The addition of the intensities of the mutually overlapping individual projections then gives the desired brightness distribution (FIG. 3), which is not distracting to the viewer when the large-format image is rendered visible on a screen.
FIG. 3 shows such a uniform (additive) intensity pattern 300 across a screen width 304, from two projections 301 and 302 which overlap over a section 303 and are subject to an intensity reduction 306-307 out to the edge 307.
Depending on the projector technology used, i.e. the type of projectors used, another problem can occur, which results in non-uniform brightness distributions on a projection screen.
Depending on their design, LCD projectors (in the case of LCD projection systems) or DLP projectors (in the case of DLP projection systems), which correspondingly use respectively LCD or DLP technology to generate an image and which are known from the TAN reference, for example, emit not only the projection beams required for generating the image but also clearly visible stray beams or stray light, as applicable.
In the case of any LCD or DLP projector involved, this stray emission or stray light escapes together with an image-generating element, an LCD or a DLP module, causing intensity errors on the projection screen in addition to the projected image.
With the systems available until now for large-format or multi-image projection, i.e. projection systems with at least two individual projections combined, for example the LCD or DLP projection systems known from Product information on LCD or DLP projection systems, as at 17.12.2001 can be obtained from http://www.barco.com/projection_systems/(“the “Product Information” reference”), an intensity pattern as shown in FIG. 3 which is uniform, non-distracting and hence desired, is generated with the individual projections concerned by electronic techniques (soft edge blending).

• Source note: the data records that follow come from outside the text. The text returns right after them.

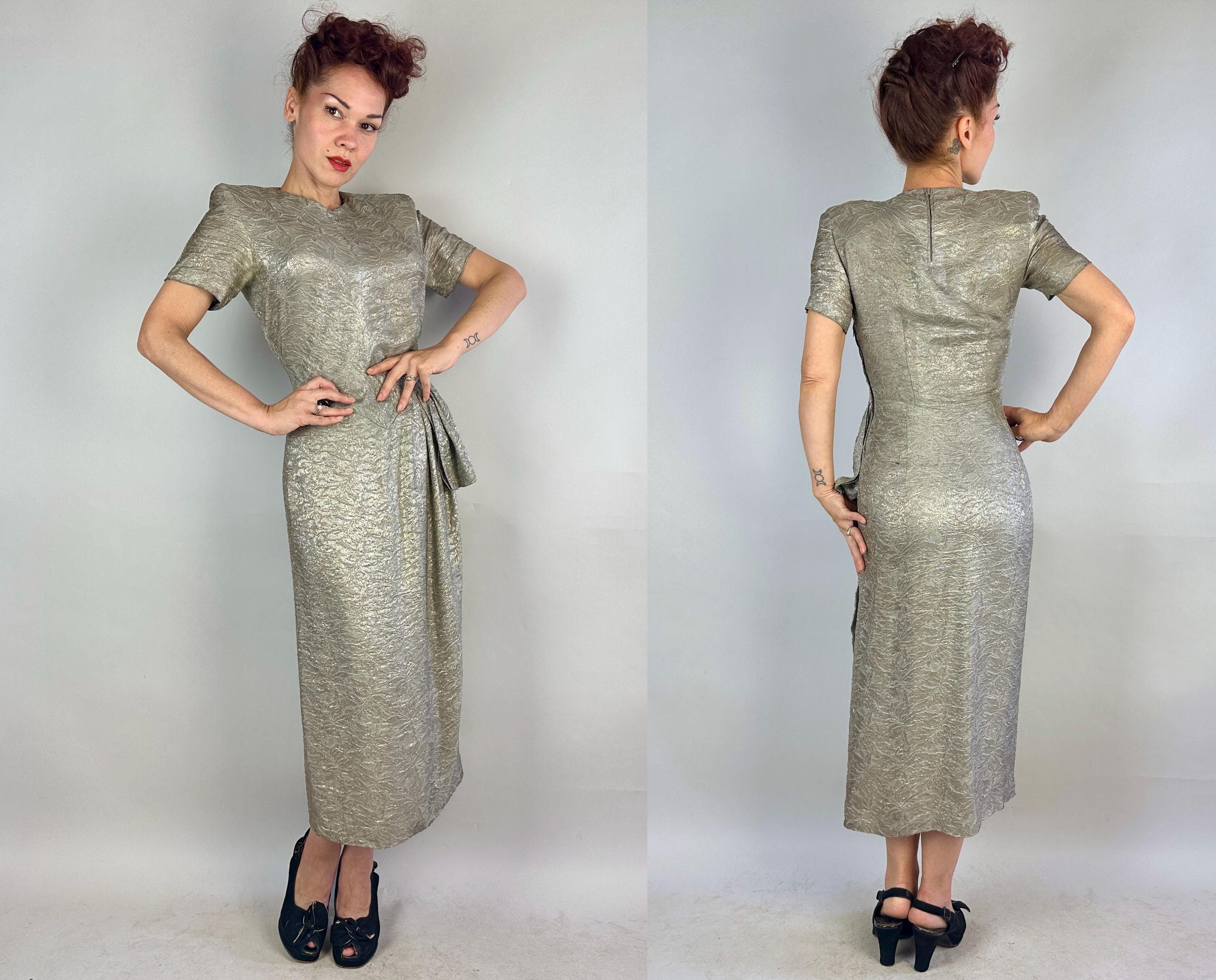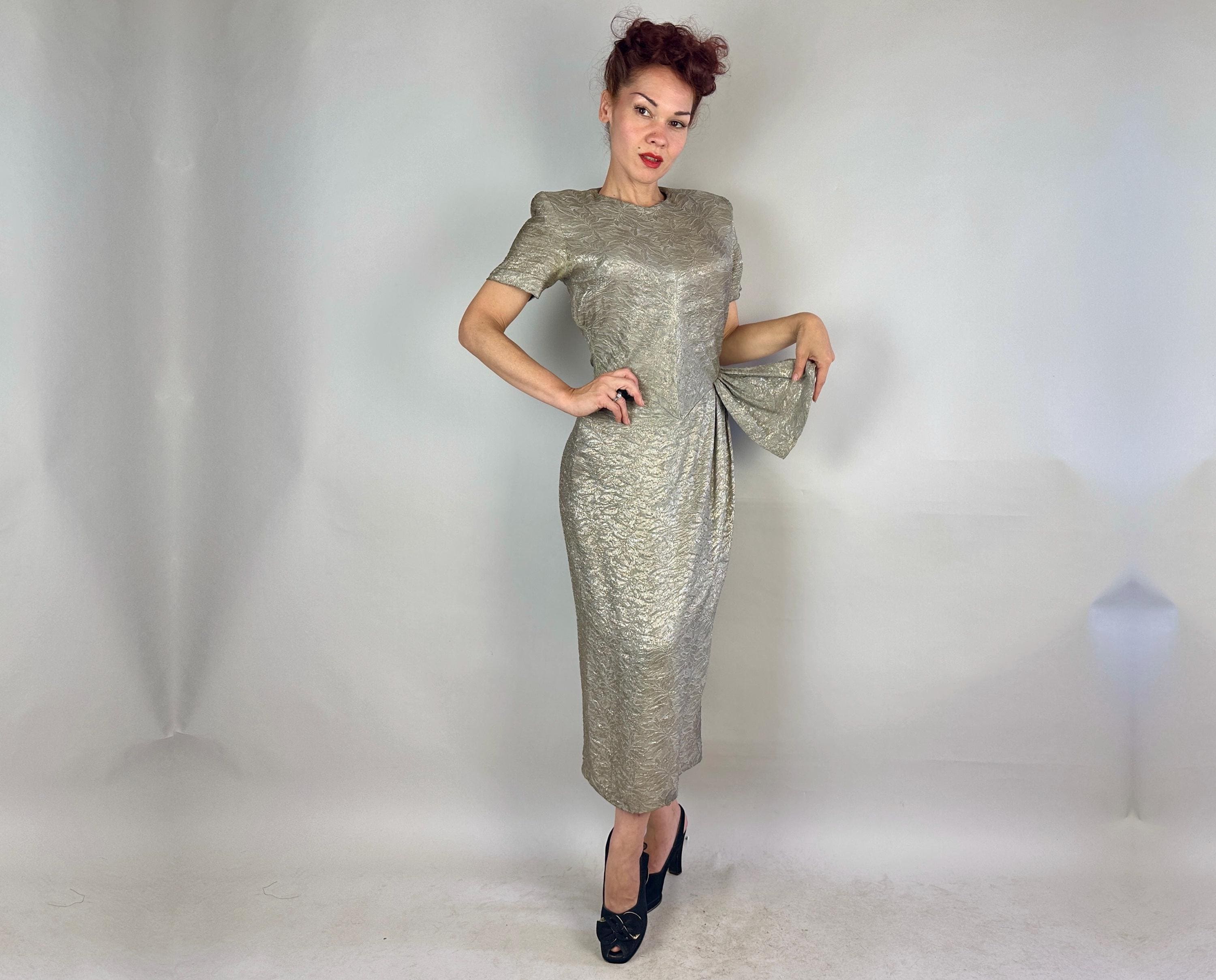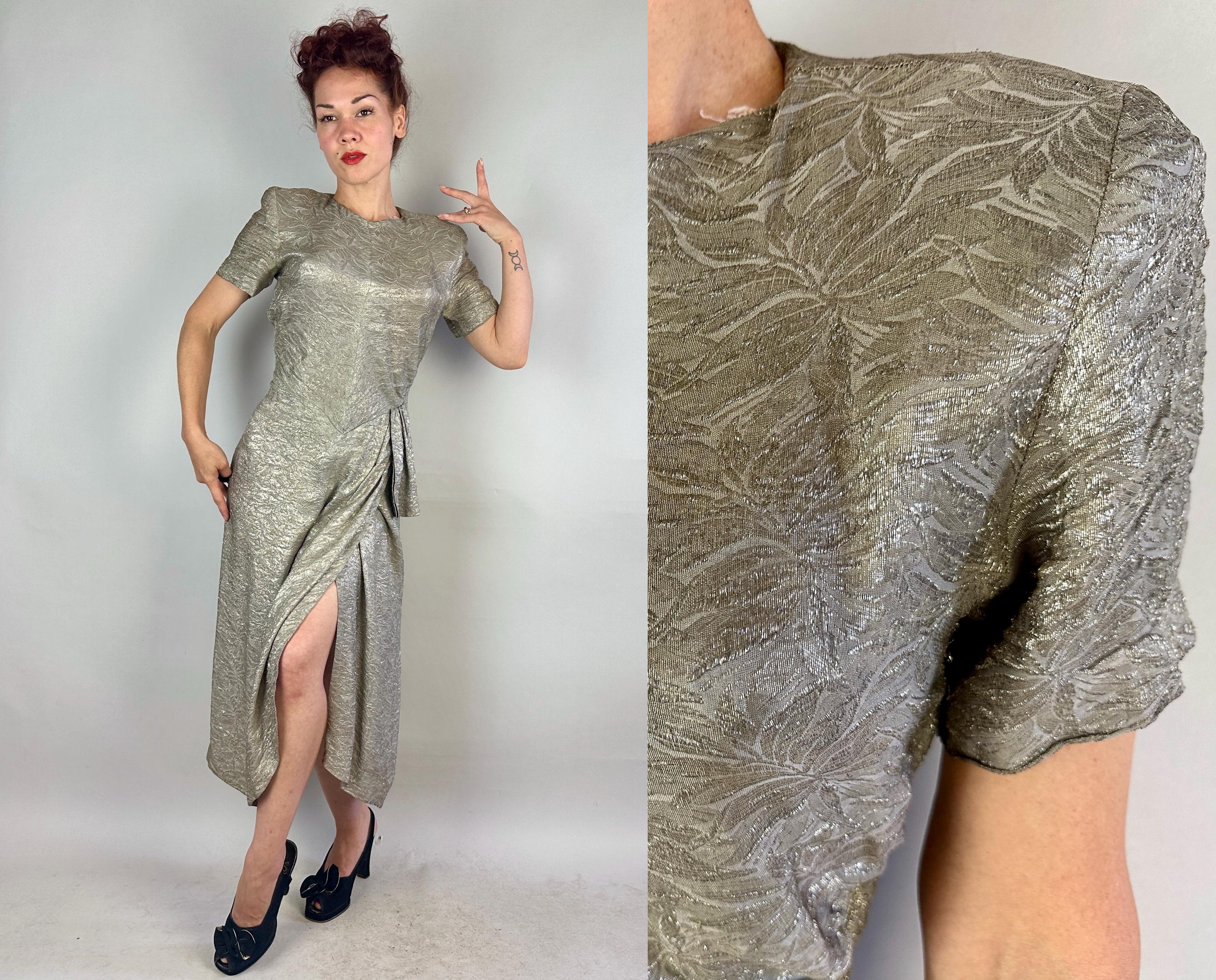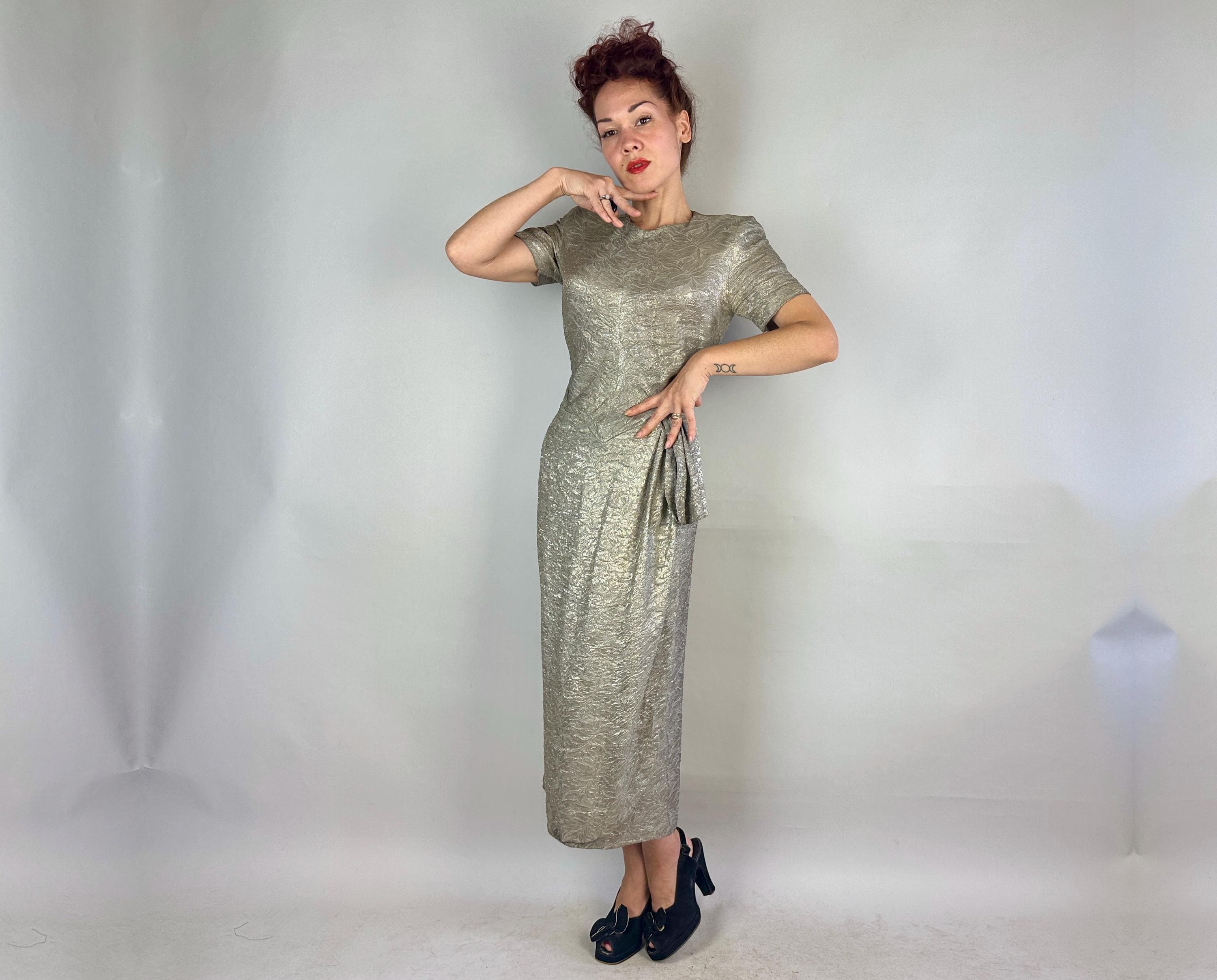 They'll put the blame on you for setting heart's on fire in this 1940s dress! The absolutely stunning silk silver lamé is woven with a leafy design and every movement is exquisite with shine. The sultry cut includes pointed waist detail, ruching on the torso sides, pleated swag on the left hip where the front wrap of the skirt then curves to the hem. Padded shoulders add to the silhouette. Metal zipper on the side and at nape. This dress is in great vintage condition, with no holes, stains, nor odors to note.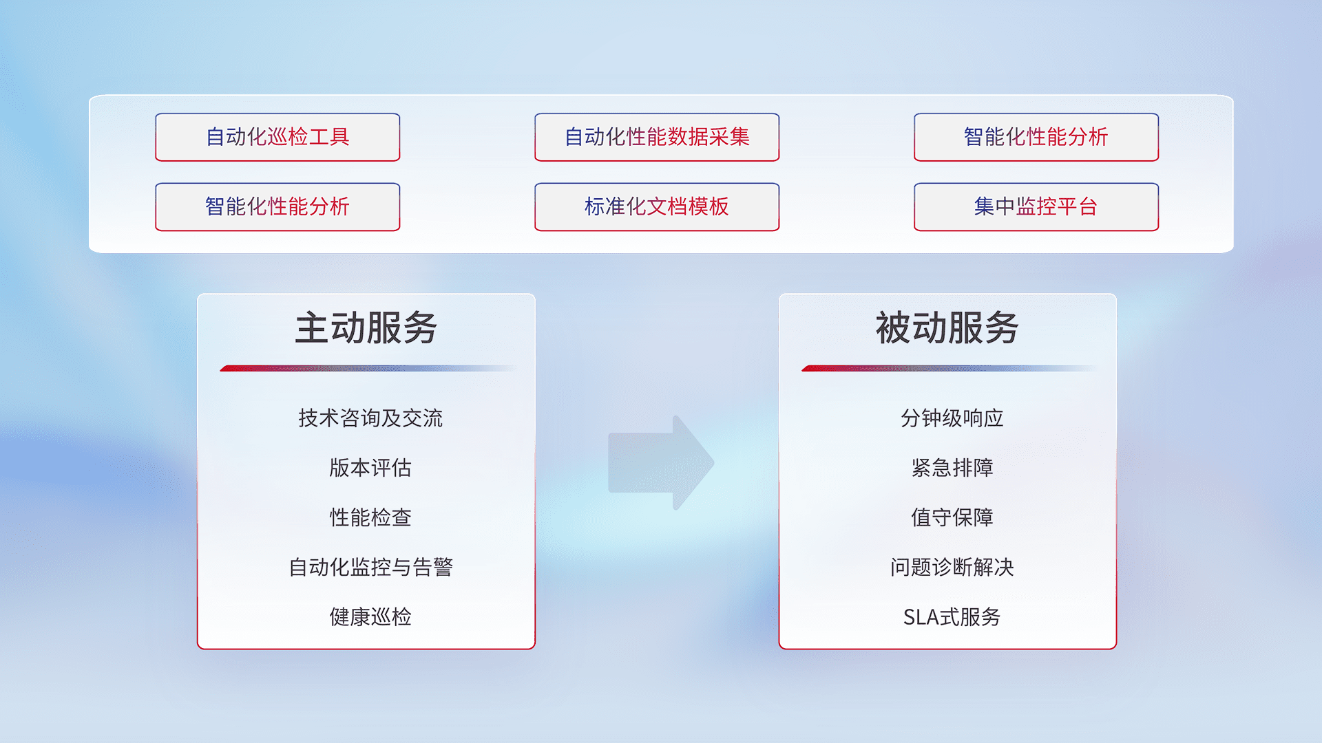 智能化工具和标准化文档,,,,保障服务质量,,,提供主动服务(包含技术咨询、、、、版本评估、、、性能检查、、自动化监控与告警、、、健康巡检)和被动服务包含(分钟级响应、、、紧急排障、、、、值守保障、、、问题诊断解决、、、SLA服务)。。。。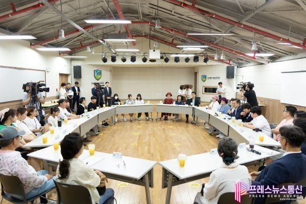 ▲9일 오후 캠프그리브스 DMZ체험관에서 김동연 경기도지사가 대성동 이장, 주민자치회 부회장, 대성초 졸업생 등과 함께 차담회를 하고 있다.(사진=경기도) |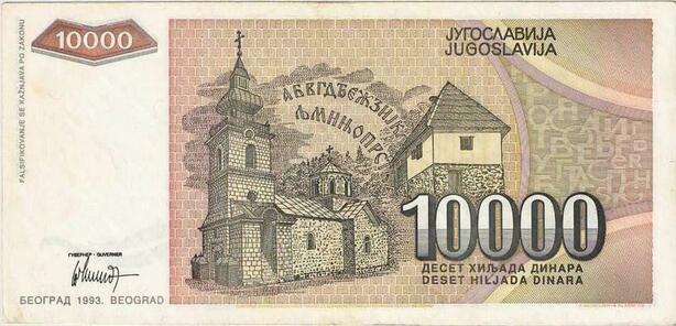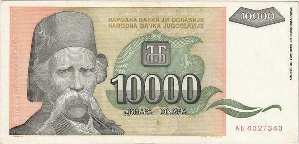 Q2296 Banknote Yugoslavia 10000 Dinara Vuk Stefanović Karadžić 1993 AU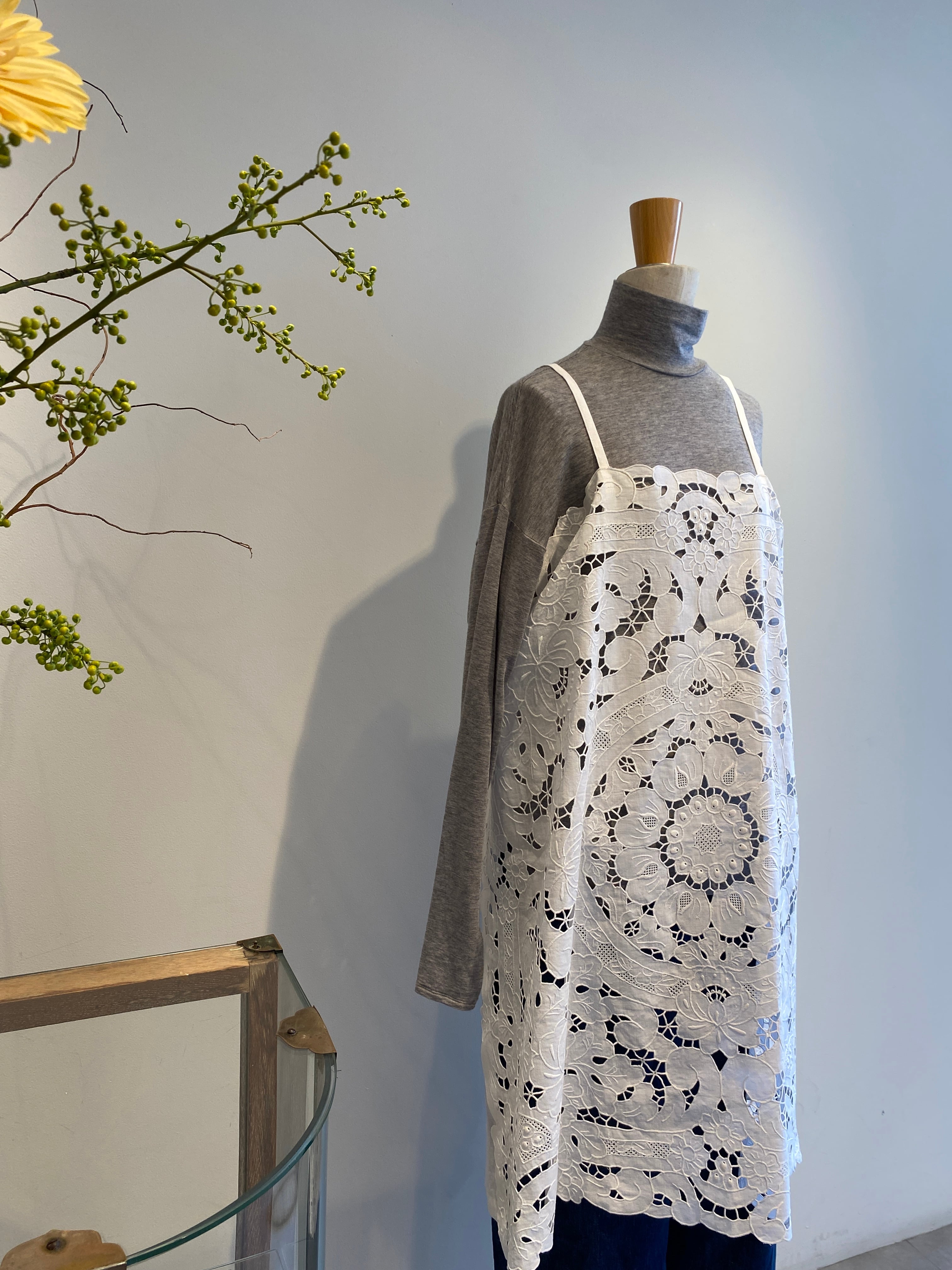 カットワーク刺繍は全てハンド刺繍で作られています。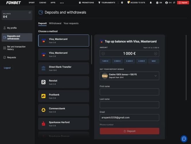 O Fonbet Casino é um site de jogos de azar moderno que recebe principalmente jogadores da Alemanha e oferece uma ampla seleção de jogos e opções de apostas esportivas. A marca apresenta uma sólida seleção de caça-níqueis com dinheiro real, jogos com crupiês ao vivo, jogos de mesa e jogos instantâneos, além de oferecer diversos bônus, promoções e torneios nos quais os jogadores podem participar.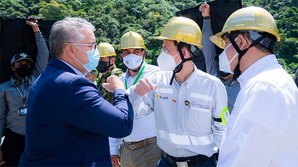 哥伦比亚总统伊万·杜克亲临仪式现场见证,中国驻哥伦比亚大使蓝虎、紫金矿业董事长陈景河向项目投产发表电视视频讲话,哥伦比亚能源部部长、环境部部长,安蒂奥基亚省省长、武里蒂卡市长,紫金矿业副总裁沈绍阳等出席典礼并致辞。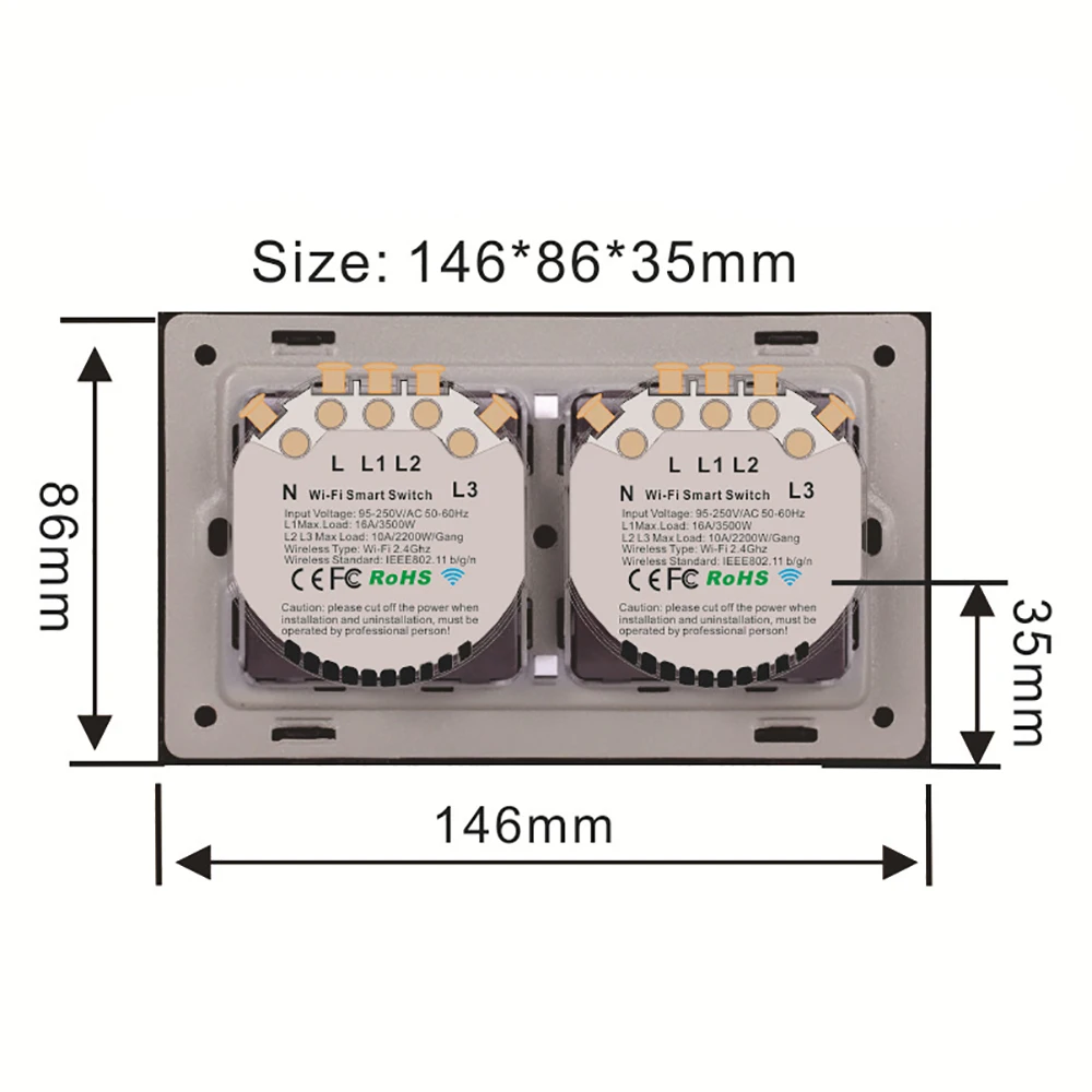 Сенсорный выключатель AXUS TUYA, панель из хрустального стекла, 146...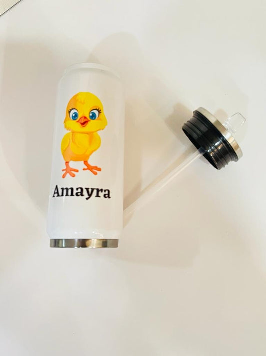 Customised Steel Can with Straw - scope of name with any cartoon/picture

To achieve this with these known projection systems, based on the soft edge blending technique, requires additional demanding and hence costly electronic modules, with additional software components for making the appropriate changes (as illustrated in FIG. 3) in the brightness or intensity pattern, as applicable, of the projections.
With the LCD or DLP projection systems, known from the Product Information reference, the soft edge blending technique described is both realized in integrated form in each of the projectors used, and can also be obtained as a supplementary solution subject to appropriate surcharges.
With the LCD or DLP projection systems known from the Product Information reference, there is in addition a mutual dependence between the appropriate blending control electronics for eliminating the blending problem and the projector used in each case.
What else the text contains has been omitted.